Keywords: Infectious bronchitis virus (IBV), Monoclonal antibodies, Phage random peptide library, Neutralizing antigenic epitope
1. Introduction
Avian infectious bronchitis (IB) is a highly contagious, acute, and economically important disease of chickens. It can infect all ages of the chickens and replicate in many tissues, causing respiratory symptom, diarrhea, reduced weight gain and feed efficiency, and decline of egg production and quality (Cavanagh, 2007).

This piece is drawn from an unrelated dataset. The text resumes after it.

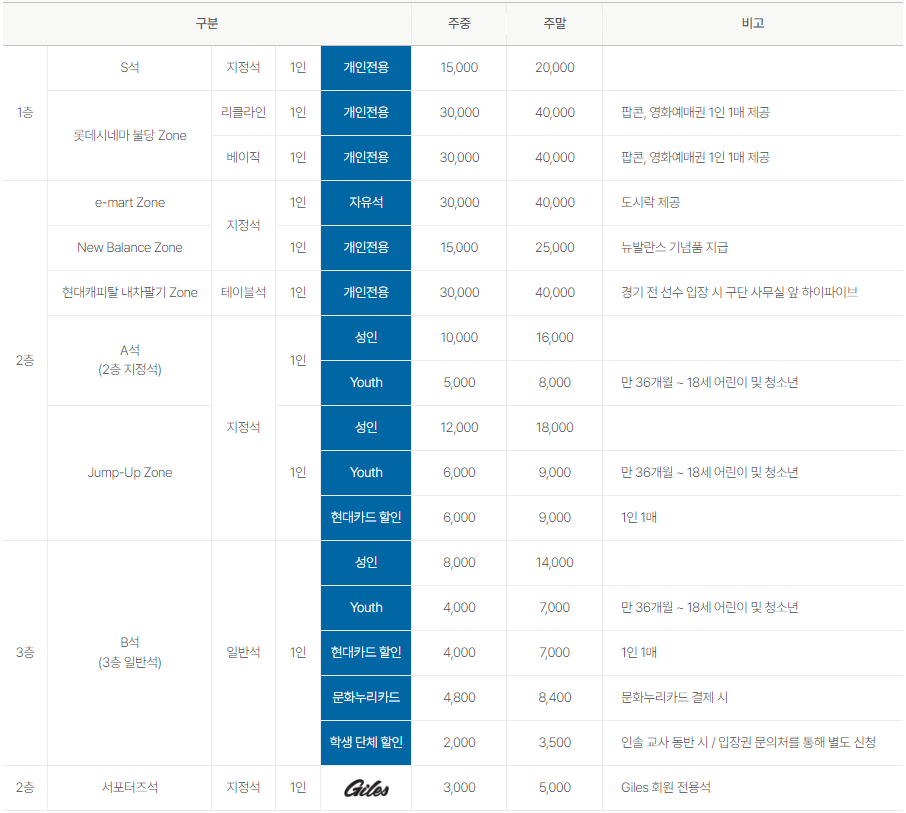 | 2층 | 서포터즈석 | 지정석 | Giles | 3,000 | 5,000 | Giles 회원 전용석 |

The etiologic agent of IB is the infectious bronchitis virus (IBV), a member of the Coronaviridae family, subfamily coronavirinae, genus gamma-coronavirus that replicates primarily in the respiratory tract and also in some epithelial cells of the ileum, kidney, and oviduct (Abd et al., 2009, Benyeda et al., 2010). Currently, dozens of IBV serotypes and genotypes have been described. Although vaccines are now being used widely and extensively, outbreaks of IB still occur frequently because of infections with field strains that differ serologically from vaccine strains (Li et al., 2010, Zou et al., 2010, Mahmood et al., 2011).

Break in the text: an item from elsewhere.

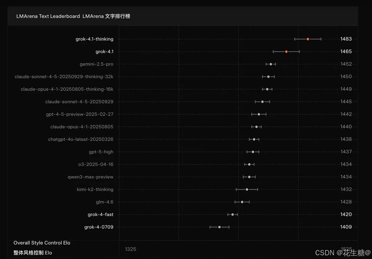 2025年11月,xAI 团队正式推出 Grok 系列最新版本——Grok 4.1。作为 Grok 4 的重要迭代,Grok 4.1 在保持原有大规模强化学习(RLHF)框架的基础上,引入创新的“前沿智能推理模型作奖励模型”机制,显著提升模型在事实一致性、上下文理解与情感连贯性方面的表现。据 LMArena 文本竞技场最新数据显示,Grok 4.1 的 Thinking 版本以 1483 Elo 分高居榜首;而在专注于情感与社交智能评估的 EQ-Bench3 基准中,更是以 1586 Elo 分拔得头筹,展现出其在“走心”交互上的领先优势。

IBV is an enveloped, non-segmented, single-stranded, positive-sense RNA virus with a genome of approximately 27.6 kb (Boursnell et al., 1987). The remaining one-third of the genome encodes four main structural proteins: the spike glycoprotein (S), the small membrane protein (E), the integral membrane protein (M), and the nucleocapsid protein (N) (Lai et al., 1981). The S glycoprotein is a large type I transmembrane glycoprotein that is responsible for receptor binding and membrane fusion (Cavanagh et al., 1986). It consists of the N-terminal S1 and C-terminal S2 subunits, which are generated during post-translational cleavage of S protein (Jackwood et al., 2001). The S1 subunit is the main protein to induce the protective antibodies, virus-neutralization antibodies, hemagglutination inhibition antibodies, cross-reactivity ELISA antibodies and cell-mediated immune response (Cavanagh et al., 1997, Wang et al., 2009, Zhang et al., 2014). The S1 protein is involved in cell attachment and carries virus-neutralizing and serotype-specific determinants. It also plays an important role in tissue tropism and the degree of virulence of the virus (Casais et al., 2003).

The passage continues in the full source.